Their feasibility study seems quite imprecise and amateurish to me. Maybe are aerospace engineers not the targeted audience despite the purpose of the document being to "outline the technical requirements for reaching the mission goal and present a starting point for ongoing research and development."

How complete and technically feasible is the information presented in the feasibility study?

Below are some extracts which seem imprecise or even incorrect to me. I have added a short comment, which may be very wrong, so please correct me if needed.

Section 6.1

The trajectory from LEO towards the Moon is known as a Hohmann Maneuver, by which the spacecraft transitions from LEO to an elliptical orbit, intersecting the trajectory of the Moon.

An Hohmann transfer is one of the many different trajectories to go from one orbit to another. In actual operations, these transfers do not use the exact theoretical definition of these orbits (due to orbit corrections after adequately ranging the spacecraft while in transit).

Section 6.3

LEO altitude must be high enough to limit drag-induced altitude loss, e.g. 200 km.

To start with, what is the inclination and eccentricity of this parking orbit, then we can talk about the three other orbital parameters which are independent from time (i.e. all but the true anomaly)?
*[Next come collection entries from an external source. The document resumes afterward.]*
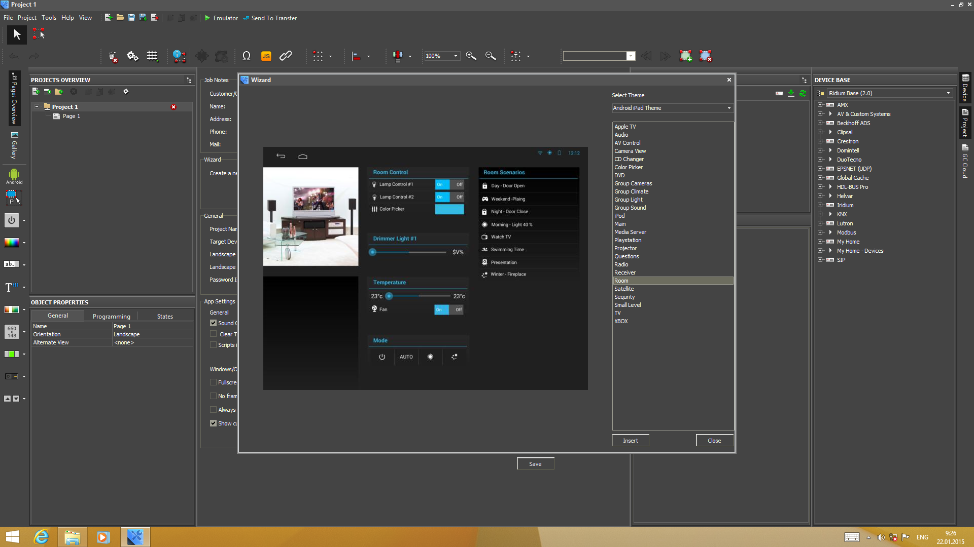 Еще одним вариантом для быстрого начала работы является использование встроенного помощника. В нем вы выбираете одну из доступных тем и потом добавляете требуемые вам страницы (например, для управления светом, кондиционером или медиаплеером) из нее в свой проект. Остается только настроить взаимосвязи страниц и всплывающих окон, а также работу с оборудованием.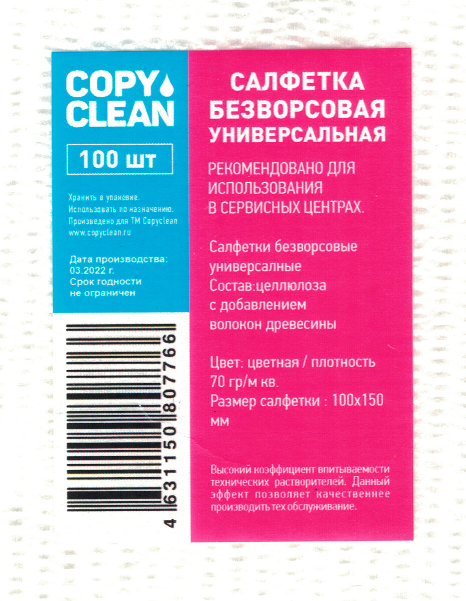 Салфетки CopyClean универсальные безворсовые для оптики (10х15см), (100шт) сухие информация: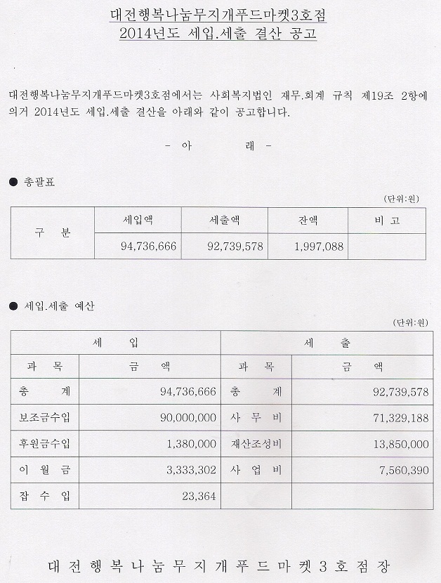 19-03-28 11:19 대전행복나눔무지개푸드마켓3호점 2014년도 세입.세출 결산공고 페이지 정보 작성자 성우보육원 댓글 0건 조회 6,759회 본문 대전행복나눔무지개푸드마켓3호점 2014년도 세입.세출 결산공고 목록 댓글목록 댓글목록 등록된 댓글이 없습니다.

If the vehicle is in such a low orbit for only a very limited amount of time before heading on towards the Moon, drag is not much of a problem in itself.

Section 7

Spacecraft shall utilize non-cryogenic propellants, as the expected nominal mission time will otherwise result in excessive propellant boil-off.

Depending on the materials used to insulate the fuel tank, boil-off can be completely negligible for most months-long missions, or am I completely mistaken?

I haven't read the full feasibility study, so I'm sure there are many passages I would question in the rest as well.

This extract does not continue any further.